In the meantime, Ro is taking full advantage of the on/off riding schedule and spending most of her time acting like she has never been asked to ride on contact in a steady rhythm before. Fun times.

Since she’s lost so much muscle being (mostly) out of work, I tried to pick up a fleece half pad to help out saddle fit for a while. The problem is that so far, every pad I’ve tried that is short enough for her back is too narrow for the back half of the saddle. I’m using one that sort of works, have rejected two others, and am trying a third tomorrow. If this doesn’t work, I don’t know what to do. Buy a larger-sized Thinline and cut it to fit the saddle?

But still—we had moments in the lesson today that were good. And then an acorn would drop in my truck bed and Ro took that as a canter cue. Uh… no.

Mental note: park the truck on the street next time if I have to. Anywhere but under that tree.

Really, our only problem is consistency. Or the lack of consistency. Once we can get back into a regular program, all this will go away. And that’s all on me, not her.

Meanwhile, everyone loves Dexter.

Which is a good thing, because he needs all the brownie points he can get with the barn owner—since he apparently has no fear of the tractor. And by no fear, I mean stands there watching it coming and doesn’t move until she stops the tractor and chases him off. It makes mowing difficult.

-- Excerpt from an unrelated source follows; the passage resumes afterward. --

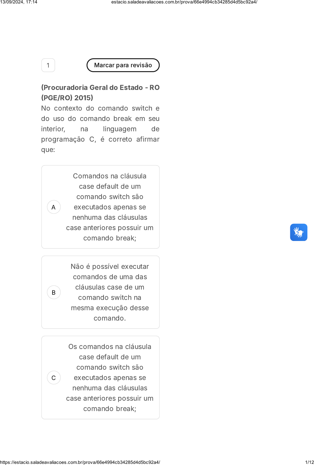 <p>A</p><p>B</p><p>C</p><p>1 Marcar para revisão</p><p>�Procuradoria Geral do Estado - RO</p><p>�PGE/RO� 2015�</p><p>No contexto do comando switch e</p><p>do uso do comando break em seu</p><p>interior, na linguagem de</p><p>programação C, é correto afirmar</p><p>que:</p><p>Comandos na cláusula</p><p>case default de um</p><p>comando switch são</p><p>executados apenas se</p><p>nenhuma das cláusulas</p><p>case anteriores possuir um</p><p>comando break;</p><p>Não é possível executar</p><p>comandos de uma das</p><p>cláusulas case de um</p><p>comando switch na</p><p>mesma execução desse</p><p>comando.</p><p>Os comandos na cláusula</p><p>case default de um</p><p>comando switch são</p><p>executados apenas se</p><p>nenhuma das cláusulas</p><p>case anteriores possuir um</p><p>comando break;</p><p>13/09/2024, 17:14 estacio.saladeavaliacoes.com.br/prova/66e4994cb34285d4d5bc92a4/</p><p>https://estacio.saladeavaliacoes.com.br/prova/66e4994cb34285d4d5bc92a4/ 1/12</p><p>D</p><p>E</p><p>A</p><p>B</p><p>C</p><p>Quando um comando</p><p>break é executado, o</p><p>comando switch é</p><p>encerrado e o fluxo de</p><p>controle passa para o</p><p>próximo comando após o</p><p>fim do comando switch;</p><p>Toda cláusula case de um</p><p>comando switch, incluindo</p><p>a cláusula case default,</p><p>deve conter um comando</p><p>break;</p><p>2 Marcar para revisão</p><p>Marque a opção que apresente o</p><p>comando que é usado em uma</p><p>estrutura do tipo switch-case para</p><p>evitar que as opções incorretas não</p><p>sejam utilizadas, caso uma</p><p>determinada opção seja</p><p>selecionada.</p><p>default</p><p>break</p><p>else</p><p>13/09/2024, 17:14 estacio.saladeavaliacoes.com.br/prova/66e4994cb34285d4d5bc92a4/</p><p>https://estacio.saladeavaliacoes.com.br/prova/66e4994cb34285d4d5bc92a4/ 2/12</p><p>D</p><p>E</p><p>A</p><p>B</p><p>C</p><p>D</p><p>E</p><p>continue</p><p>done</p><p>3 Marcar para revisão</p><p>�Baseado em CESPE � 2018 � ABIN</p><p>- Oficial Técnico de Inteligência -</p><p>Área de Tecnologia da Informação)</p><p>Marque a opção que representa a</p><p>seguinte lógica de programação,</p><p>porém usando apenas estruturas do</p><p>tipo if simples.</p><p>A expressão a seguir especifica</p><p>que: 1 será adicionado a x, se x for</p><p>maior que 0; 1 será subtraído de x,</p><p>se x for menor que 0; o valor de x</p><p>será mantido, se x for igual a zero.</p><p>if(x>0) x++; if(x<0) x++;</p><p>if(x>0) x--; if(x<0) x--;</p><p>if(x>=0) x++; if(x<=0) x--;</p><p>if(x>0) x--; if(x<0) x++;</p><p>if(x>0) x++; if(x<0) x--;</p><p>13/09/2024, 17:14 estacio.saladeavaliacoes.com.br/prova/66e4994cb34285d4d5bc92a4/</p><p>https://estacio.saladeavaliacoes.com.br/prova/66e4994cb34285d4d5bc92a4/ 3/12</p><p>A</p><p>B</p><p>C</p><p>4 Marcar para revisão</p><p>Com relação aos 3 segmentos de</p><p>estrutura de repetição, avalie cada</p><p>assertiva a seguir como</p><p>V(verdadeira) ou F(falsa).</p><p>I. O comando FOR é o mais</p><p>indicado quando sabemos quantas</p><p>vezes a repetição vai ocorrer.</p><p>II. O comando WHILE é uma</p><p>estrutura de repetição que precisa</p><p>de uma condição que controle</p><p>quando o trecho deve se repetir.</p><p>III. O comando DO... WHILE, por</p><p>realizar o teste ao final do laço de</p><p>repetição, vai sempre executar ao</p><p>menos 1 vez a sequência de</p><p>comandos a se repetir.</p><p>IV. O comando WHILE executa a</p><p>repetição até que a condição seja</p><p>verdadeira, isto é, enquanto a</p><p>condição for falsa.</p><p>Assinale a correta sequência de V e</p><p>F, para a classificação das</p><p>assertivas:</p><p>F, V, F, V</p><p>V, V, V, F</p><p>F, F, V, V</p><p>13/09/2024, 17:14 estacio.saladeavaliacoes.com.br/prova/66e4994cb34285d4d5bc92a4/</p><p>https://estacio.saladeavaliacoes.com.br/prova/66e4994cb34285d4d5bc92a4/ 4/12</p><p>D</p><p>E</p><p>A</p><p>B</p><p>V, V, V, V</p><p>V, V, F, V</p><p>5 Marcar para revisão</p><p>Assinale a alternativa que</p><p>corresponde ao enunciado:</p><p>Faça um programa que leia vinte</p><p>números inteiros e positivos e</p><p>mostre o menor número.</p><p>controle=1;</p><p>for</p><p>(cont=1;cont<=20;cont++)</p><p>{ scanf ("%d",&num);</p><p>if (controle==1�</p><p>menor=num;</p><p>else</p><p>if (num</p><p>menor=num;</p><p>controle++;</p><p>}</p><p>controle=0;</p><p>for</p><p>(cont=1;cont<=20;cont++)</p><p>{ scanf ("%d",&num);</p><p>if (controle==1�</p><p>menor=num;</p><p>else</p><p>if (num</p><p>menor=num;</p><p>controle++;</p><p>}</p><p>13/09/2024, 17:14 estacio.saladeavaliacoes.com.br/prova/66e4994cb34285d4d5bc92a4/</p><p>https://estacio.saladeavaliacoes.com.br/prova/66e4994cb34285d4d5bc92a4/ 5/12</p><p>C</p><p>D</p><p>E</p><p>controle=1;</p><p>for</p><p>(cont=1;cont<=20;cont++)</p><p>{ scanf ("%d",&num);</p><p>if (controle==1�</p><p>menor=num;</p><p>else</p><p>if (num</p><p>menor=num;</p><p>}</p><p>controle=1;</p><p>for</p><p>(cont=1;cont<=10;cont++)</p><p>{ scanf ("%d",&num);</p><p>if (controle==1�</p><p>menor=num;</p><p>else</p><p>if (num</p><p>menor=num;</p><p>controle++;</p><p>}</p><p>controle=1;</p><p>while (cont<=20�</p><p>{ scanf ("%d",&num);</p><p>if (controle==1�</p><p>menor=num;</p><p>else</p><p>if (num</p><p>menor=num;</p><p>controle++;</p><p>}</p><p>6 Marcar para revisão</p><p>Considere o seguinte trecho de</p><p>código na linguagem C e avalie as</p><p>00</p><p>hora</p><p>: 33</p><p>min</p><p>: 37</p><p>seg</p><p>Ocultar</p><p>Questão 7 de 10</p><p>Respondidas �10� Em branco �0�</p><p>Finalizar prova</p><p>1 2 3 4 5</p><p>6 7 8 9 10</p><p>SM2 Introdução À Programação De Computadores</p><p>13/09/2024, 17:14 estacio.saladeavaliacoes.com.br/prova/66e4994cb34285d4d5bc92a4/</p><p>https://estacio.saladeavaliacoes.com.br/prova/66e4994cb34285d4d5bc92a4/ 6/12</p><p>A</p><p>B</p><p>C</p><p>assertivas a seguir.</p><p>Ind=1;</p><p>while (ind<=5)</p><p>{</p><p>scanf("%d",&num);</p><p>controle++;</p><p>if (controle == 1 && num%2 ==</p><p

I’m not sure whether to be happy he’s unflappable or worry about his apparent total lack of self-preservation.

His winter coat is also starting to come in (so is Ro’s, but she doesn’t get much of a coat—she just goes back to a really pretty chestnut instead of bleached out summer blah). Based on how his coat looked when I got him, I expect this means that instead of alternating between looking like a goat and a horse, he’ll start alternating between looking like a yak and a horse.

Fugly stages are good, though—they mean he’s growing. He’s about 14hh now. It’ll be interesting to see where he ends up—everyone who said “tall” is saying “short” now, and vice versa. I’m still hoping for somewhere in the 14.2-15hh range, which is about where he string tests.

At any rate, it looks like it will be a quiet winter here. Things will pick up in the beginning of the year, when Ro and I start letting up in earnest, and next summer Dexter will start ground work. I figure if I back him in early fall, put a month or two on him, and turn him out for the winter, he should be good to go the following spring.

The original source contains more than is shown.